Task objective: Print every entry exactly once more, omitting each picture.

Records supplied:
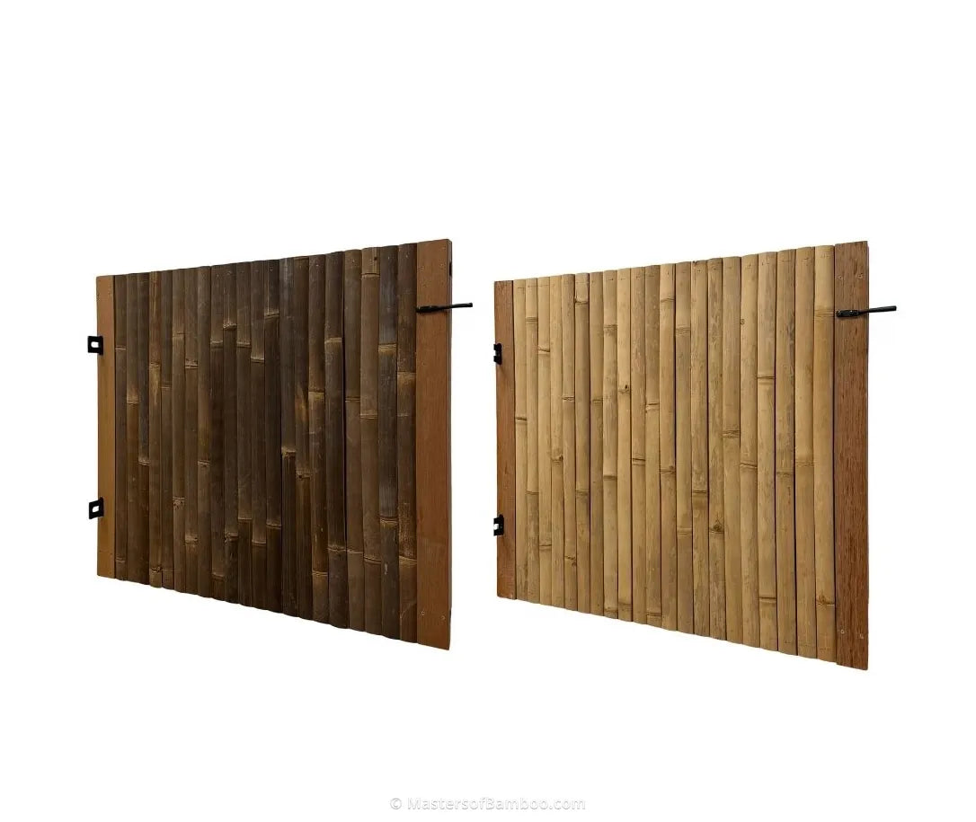 Bamboe is een natuurproduct, maar door onze strikte kwaliteitscontroles is het verschil in dikte en kleur bij onze poorten altijd zo beperkt mogelijk. Elke tuindeur verlaat onze werkplaats pas als deze perfect is. Om het je extra makkelijk te maken, worden al onze bamboepoorten bovendien zeer compleet geleverd: inclusief scharnieren, duimplaten en een goed slot of sluiting. Je kunt er direct mee aan de slag!
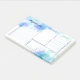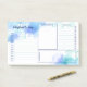 Bloco de notas adesivo de planejamento diário personalizado impresso com manchas azuis de aquarela, uma programação das 7:00 às 19:00, uma caixa de seleção para fazer lista e espaço para notas, planejamento de refeições ou qualquer outra coisa que você precise. Basta mudar o texto para se adequar ao propósito de suas notas de planejamento diário. Personalize adicionando seu nome em um roteiro encantador em azul marinho. Manchas de aquarela diária organizando posto-it com manchas de aquarelas azuis e lacrimogêneas personalizadas com seu nome e suas categorias.
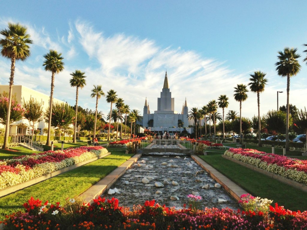 Nach dieser “Kurzen Einführung in den Glauben der Mormonen”, führen uns die beiden Frauen über das Gelände des Mormonentempels. Gerade geht die Sonne unter und so sehen wir einen atemberaubenden Sonnenuntergang über Oakland und San Francisco. Beeindruckende Kulisse für ein Haus Gottes!
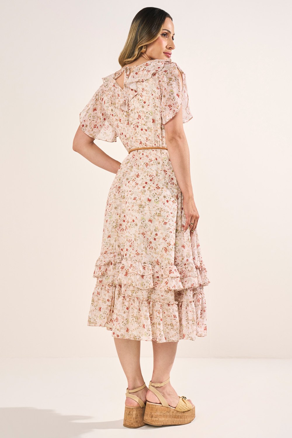 Este vestido midi em crepe combina estampa floral com detalhes que reforçam o romantismo. O decote com babados adiciona delicadeza, enquanto a amarração nas costas com ponteiras de metal garante ajuste sofisticado. A saia com babados complementa o design fluído, e o cós com elástico oferece conforto sem perder a elegância.
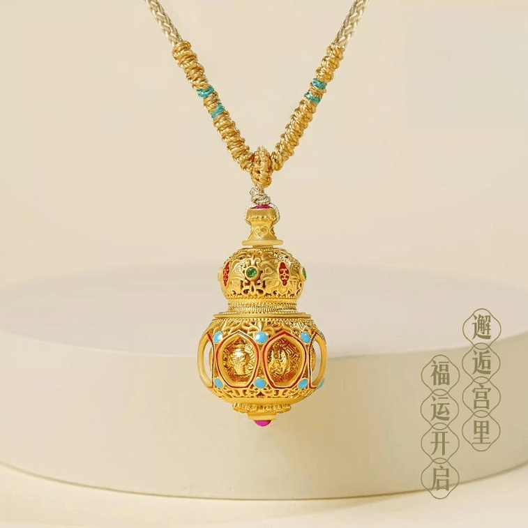 【中国直送】宮殿博物館タオバオ店 - 新入荷:ひょうたんネックレス レディース スターリングシルバーペンダント 中国風シルバージュエリー 新商品 縁起物 繁栄 23*13mm
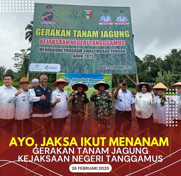 translampung.id, TANGGAMUS – Pemerintah Kabupaten bersama Kejaksaan Negeri Tanggamus kompak mendukung program swasembada pangan yang digaungkan Pemerintah Pusat, dengan melakukan aksi gerakan tanam jagung di Pekon Gisting Bawah, Kecamatan Gisting, pada Rabu (26/2/2025).

Answer for the task:
 Bamboe is een natuurproduct, maar door onze strikte kwaliteitscontroles is het verschil in dikte en kleur bij onze poorten altijd zo beperkt mogelijk. Elke tuindeur verlaat onze werkplaats pas als deze perfect is. Om het je extra makkelijk te maken, worden al onze bamboepoorten bovendien zeer compleet geleverd: inclusief scharnieren, duimplaten en een goed slot of sluiting. Je kunt er direct mee aan de slag!
 Bloco de notas adesivo de planejamento diário personalizado impresso com manchas azuis de aquarela, uma programação das 7:00 às 19:00, uma caixa de seleção para fazer lista e espaço para notas, planejamento de refeições ou qualquer outra coisa que você precise. Basta mudar o texto para se adequar ao propósito de suas notas de planejamento diário. Personalize adicionando seu nome em um roteiro encantador em azul marinho. Manchas de aquarela diária organizando posto-it com manchas de aquarelas azuis e lacrimogêneas personalizadas com seu nome e suas categorias.
 Nach dieser “Kurzen Einführung in den Glauben der Mormonen”, führen uns die beiden Frauen über das Gelände des Mormonentempels. Gerade geht die Sonne unter und so sehen wir einen atemberaubenden Sonnenuntergang über Oakland und San Francisco. Beeindruckende Kulisse für ein Haus Gottes!
 Este vestido midi em crepe combina estampa floral com detalhes que reforçam o romantismo. O decote com babados adiciona delicadeza, enquanto a amarração nas costas com ponteiras de metal garante ajuste sofisticado. A saia com babados complementa o design fluído, e o cós com elástico oferece conforto sem perder a elegância.
 【中国直送】宮殿博物館タオバオ店 - 新入荷:ひょうたんネックレス レディース スターリングシルバーペンダント 中国風シルバージュエリー 新商品 縁起物 繁栄 23*13mm
 translampung.id, TANGGAMUS – Pemerintah Kabupaten bersama Kejaksaan Negeri Tanggamus kompak mendukung program swasembada pangan yang digaungkan Pemerintah Pusat, dengan melakukan aksi gerakan tanam jagung di Pekon Gisting Bawah, Kecamatan Gisting, pada Rabu (26/2/2025).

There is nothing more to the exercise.